◆ **ASSIGNED TASK**
Would you output all the lines below precisely as they stand, leaving each picture out?

◆ **DATA SECTION**
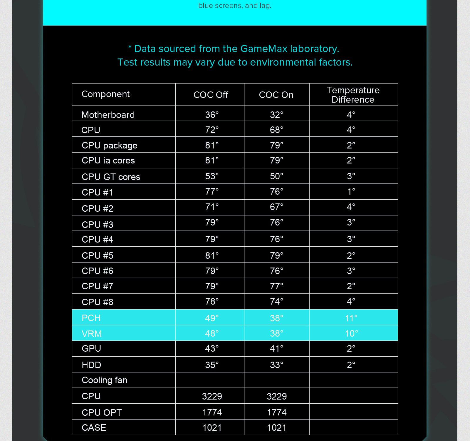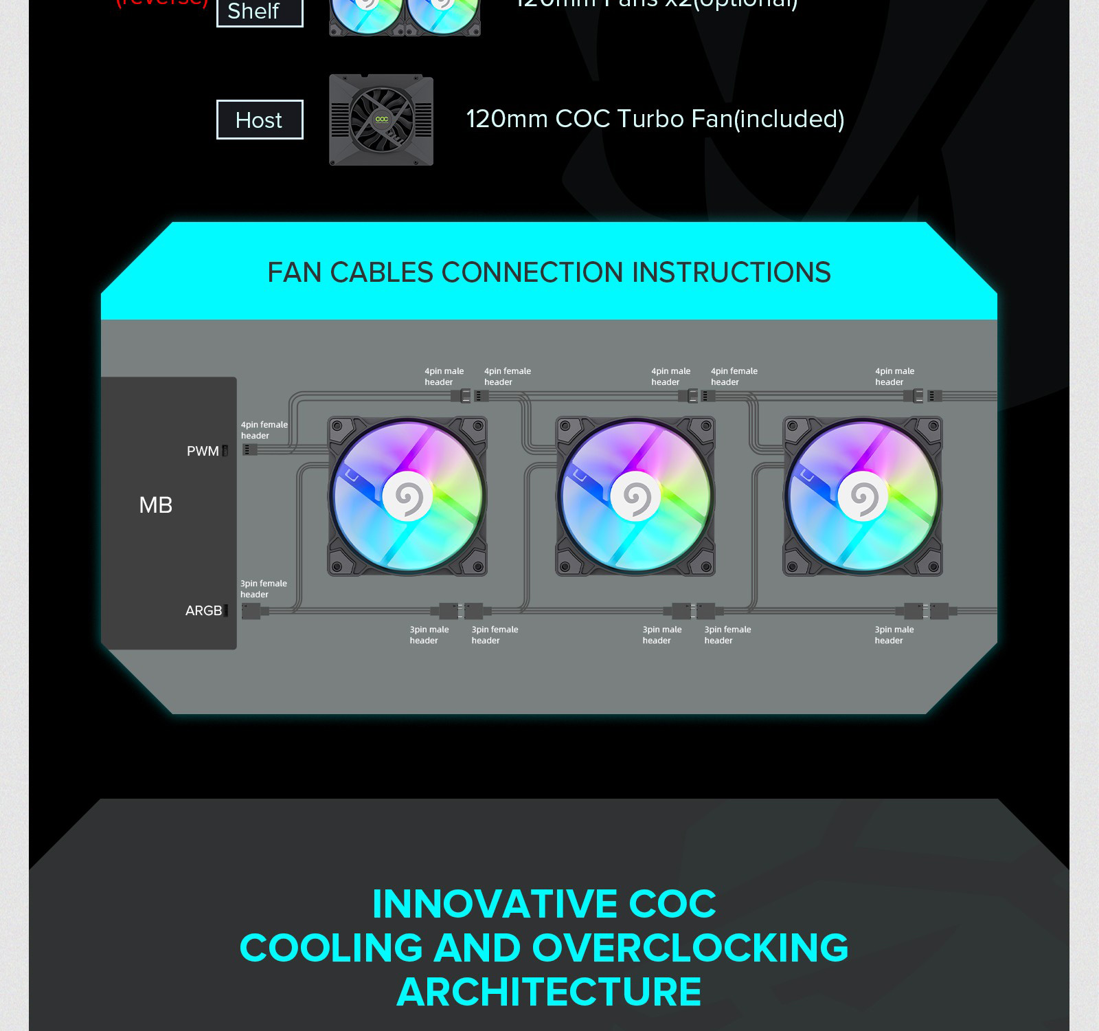 • Excelente Refrigeración - Acomoda hasta 9 ventiladores (5 ventiladores integrados, incluyendo un ventilador COC turbo) y radiadores de hasta 360mm para una refrigeración óptima.
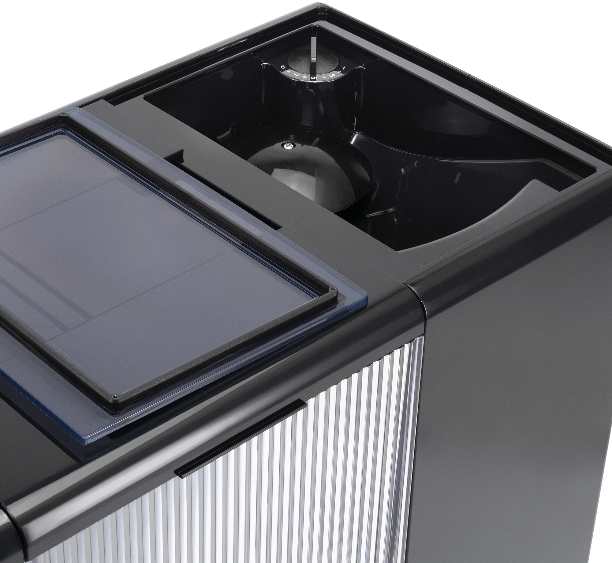 Прибор оснащен итальянской помпой фирмы ULKA с давлением 19 бар для максимального раскрытия вкуса любого сорта кофе. Для измельчения зерен в устройстве имеется профессиональная коническая кофемолка с контейнером на 200г и 9 степенями помола.
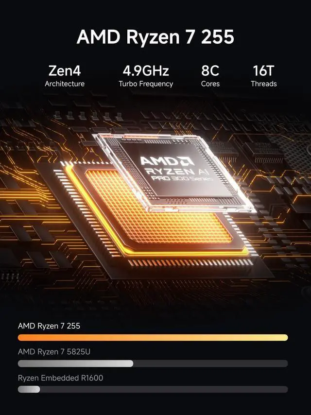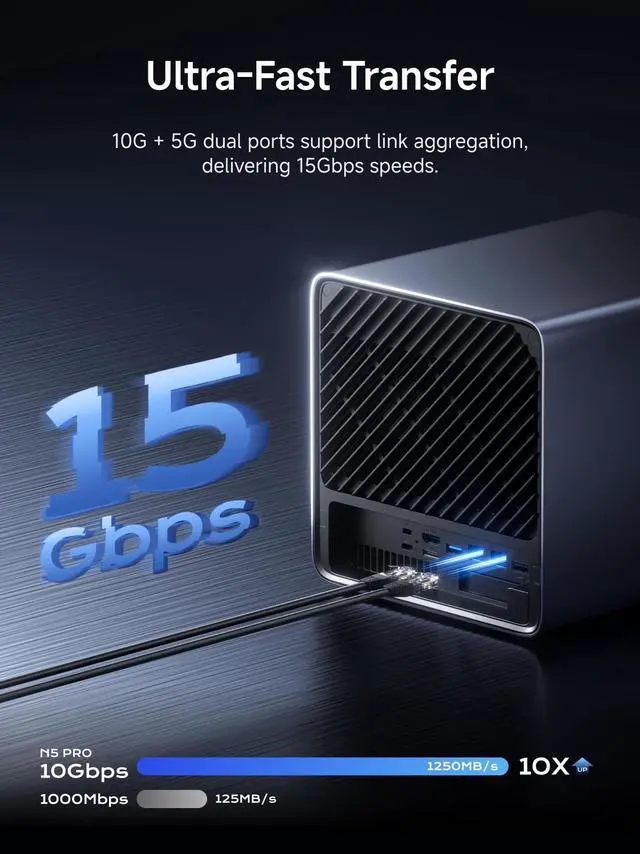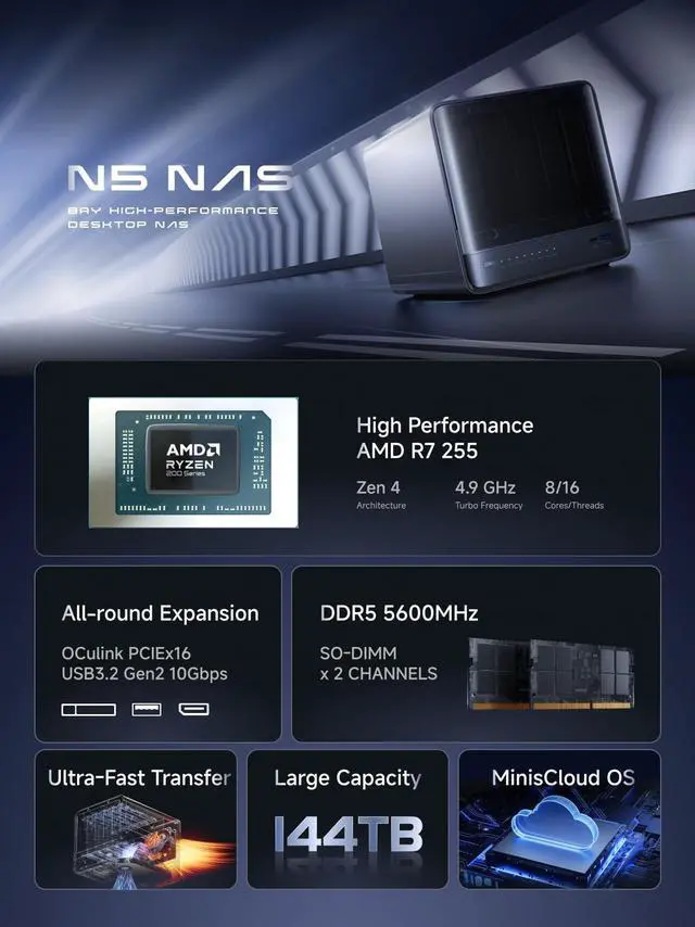 Your Private Database: MINIFORUM NAS N5 features an AMD Ryzen 7 255 processor, running at up to 4.9 GHz with an 8-core, 16-thread processor. It supports multi-user access, simultaneous access to multiple files, and ultra-fast audio and video playback. Say goodbye to the cumbersome operation of traditional hard drives and build your own data management centerwith centralized storage, automatic backup, remote access, and extensive RAID options.
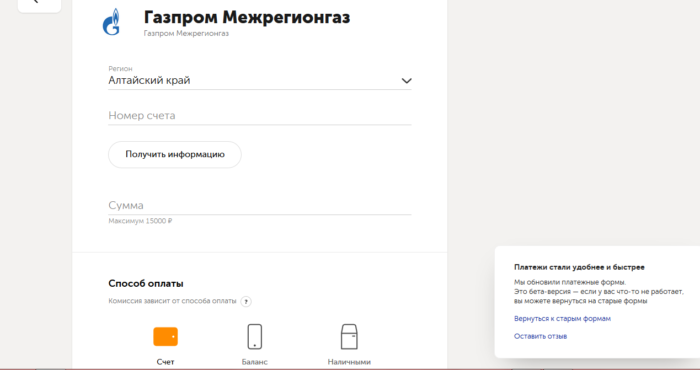 Введите свой регион, номер лицевого счета и сумму в рублях. Способ оплаты доступен как с телефона, так и с банковской карты. Подтвердите действие, и средства спишутся.

◆ **RESPONSE AREA**
 • Excelente Refrigeración - Acomoda hasta 9 ventiladores (5 ventiladores integrados, incluyendo un ventilador COC turbo) y radiadores de hasta 360mm para una refrigeración óptima.
 Прибор оснащен итальянской помпой фирмы ULKA с давлением 19 бар для максимального раскрытия вкуса любого сорта кофе. Для измельчения зерен в устройстве имеется профессиональная коническая кофемолка с контейнером на 200г и 9 степенями помола.
 Your Private Database: MINIFORUM NAS N5 features an AMD Ryzen 7 255 processor, running at up to 4.9 GHz with an 8-core, 16-thread processor. It supports multi-user access, simultaneous access to multiple files, and ultra-fast audio and video playback. Say goodbye to the cumbersome operation of traditional hard drives and build your own data management centerwith centralized storage, automatic backup, remote access, and extensive RAID options.
 Введите свой регион, номер лицевого счета и сумму в рублях. Способ оплаты доступен как с телефона, так и с банковской карты. Подтвердите действие, и средства спишутся.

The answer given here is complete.